In most situations, automatic conversions will be performed for the basic numeric and string types when a Python object is used in a context requiring a C value, or vice versa. The following table summarises the conversion possibilities.
| C 类型 | From Python types | To Python types |
|---|---|---|
| [unsigned] char, [unsigned] short, int, long | int, long | int |
| unsigned int, unsigned long, [unsigned] long long | int, long | long |
| float, double, long double | int, long, float | float |
| char* | str/bytes | str/bytes [3] |
| C array | iterable | list [5] |
| struct, union | dict [4] |
| [3] | The conversion is to/from str for Python 2.x, and bytes for Python 3.x. |
| [4] |
The conversion from a C union type to a Python dict will add a value for each of the union fields. Cython 0.23 and later, however, will refuse to automatically convert a union with unsafe type combinations. An example is a union of an
int
和
char*
, in which case the pointer value may or may not be a valid pointer.
|
| [5] | Other than signed/unsigned char[]. The conversion will fail if the length of C array is not known at compile time, and when using a slice of a C array. |
You need to be careful when using a Python string in a context expecting a
char*
. In this situation, a pointer to the contents of the Python string is used, which is only valid as long as the Python string exists. So you need to make sure that a reference to the original Python string is held for as long as the C string is needed. If you can’t guarantee that the Python string will live long enough, you will need to copy the C string.
Cython detects and prevents some mistakes of this kind. For instance, if you attempt something like:
cdef char *s s = pystring1 + pystring2
then Cython will produce the error message
Obtaining
char*
from
temporary
Python
value
. The reason is that concatenating the two Python strings produces a new Python string object that is referenced only by a temporary internal variable that Cython generates. As soon as the statement has finished, the temporary variable will be decrefed and the Python string deallocated, leaving
s
dangling. Since this code could not possibly work, Cython refuses to compile it.
The solution is to assign the result of the concatenation to a Python variable, and then obtain the
char*
from that, i.e.:
cdef char *s p = pystring1 + pystring2 s = p
It is then your responsibility to hold the reference p for as long as necessary.
Keep in mind that the rules used to detect such errors are only heuristics. Sometimes Cython will complain unnecessarily, and sometimes it will fail to detect a problem that exists. Ultimately, you need to understand the issue and be careful what you do.
Where C uses
"("
and
")"
, Cython uses
"<"
and
">"
。
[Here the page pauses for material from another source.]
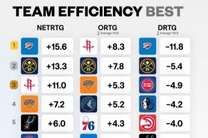 體育資訊11月14日訊 美媒Basketball University發布了賽季至今的各隊凈效率、進攻效率以及防守效率前十的幫當。其中雷霆凈效率+15.6排名第一,進攻效率火箭+8.3排名第一,防守效率雷霆-11.8排名第一。

例如:
cdef char *p cdef float *q p = <char*>q
When casting a C value to a Python object type or vice versa, Cython will attempt a coercion. Simple examples are casts like
<int>pyobj
, which converts a Python number to a plain C
int
value, or
<bytes>charptr
, which copies a C
char*
string into a new Python bytes object.
注意
Cython will not prevent a redundant cast, but emits a warning for it.
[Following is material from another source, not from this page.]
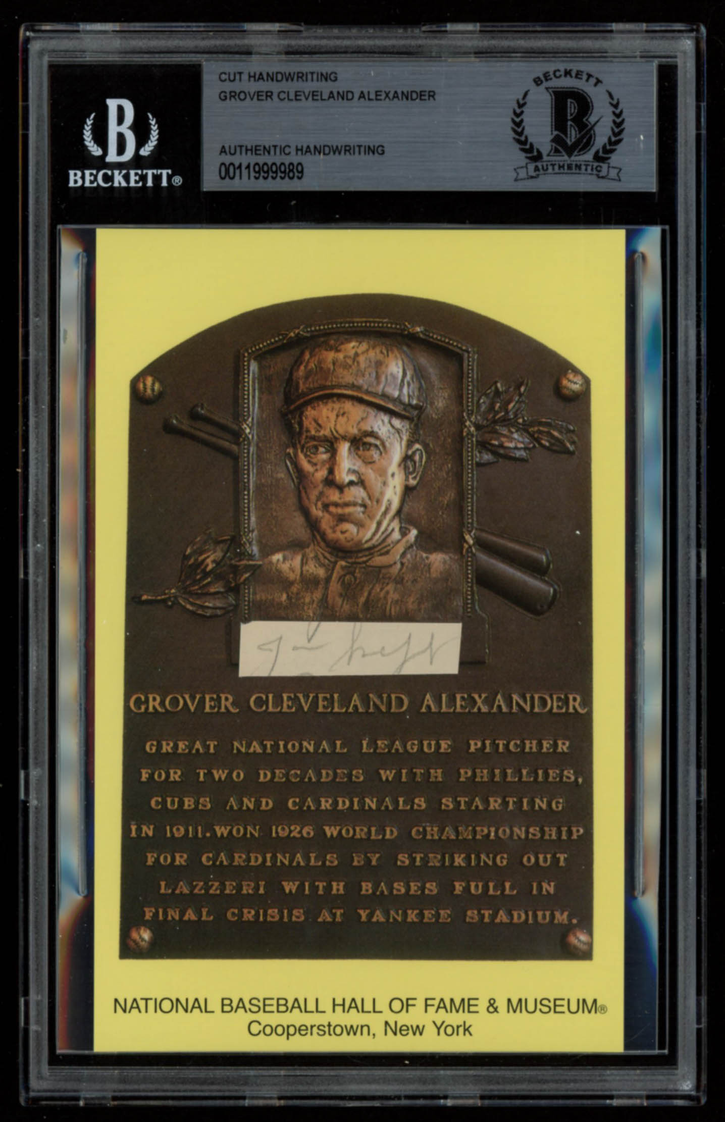 Grover Alexander Authentic Handwritten Word Gold Hall of Fame Postcard (BGS Encapsulated)

To get the address of some Python object, use a cast to a pointer type like
<void*>
or
<PyObject*>
. You can also cast a C pointer back to a Python object reference with
<object>
, or a more specific builtin or extension type (e.g.
<MyExtType>ptr
). This will increase the reference count of the object by one, i.e. the cast returns an owned reference. Here is an example:
from cpython.ref cimport PyObject cdef extern from *: ctypedef Py_ssize_t Py_intptr_t python_string = "foo" cdef void* ptr = <void*>python_string cdef Py_intptr_t adress_in_c = <Py_intptr_t>ptr address_from_void = adress_in_c # address_from_void is a python int cdef PyObject* ptr2 = <PyObject*>python_string cdef Py_intptr_t address_in_c2 = <Py_intptr_t>ptr2 address_from_PyObject = address_in_c2 # address_from_PyObject is a python int assert address_from_void == address_from_PyObject == id(python_string) print(<object>ptr) # Prints "foo" print(<object>ptr2) # prints "foo"
The precedence of
<...>
is such that
<type>a.b.c
被解释成
<type>(a.b.c)
.
A cast like
<MyExtensionType>x
will cast x to the class
MyExtensionType
without any checking at all.
To have a cast checked, use the syntax like:
<MyExtensionType?>x
. In this case, Cython will apply a runtime check that raises a
TypeError
if
x
不是实例化的
MyExtensionType
. This tests for the exact class for builtin types, but allows subclasses for
扩展类型
.
Control structures and expressions follow Python syntax for the most part. When applied to Python objects, they have the same semantics as in Python (unless otherwise noted). Most of the Python operators can also be applied to C values, with the obvious semantics.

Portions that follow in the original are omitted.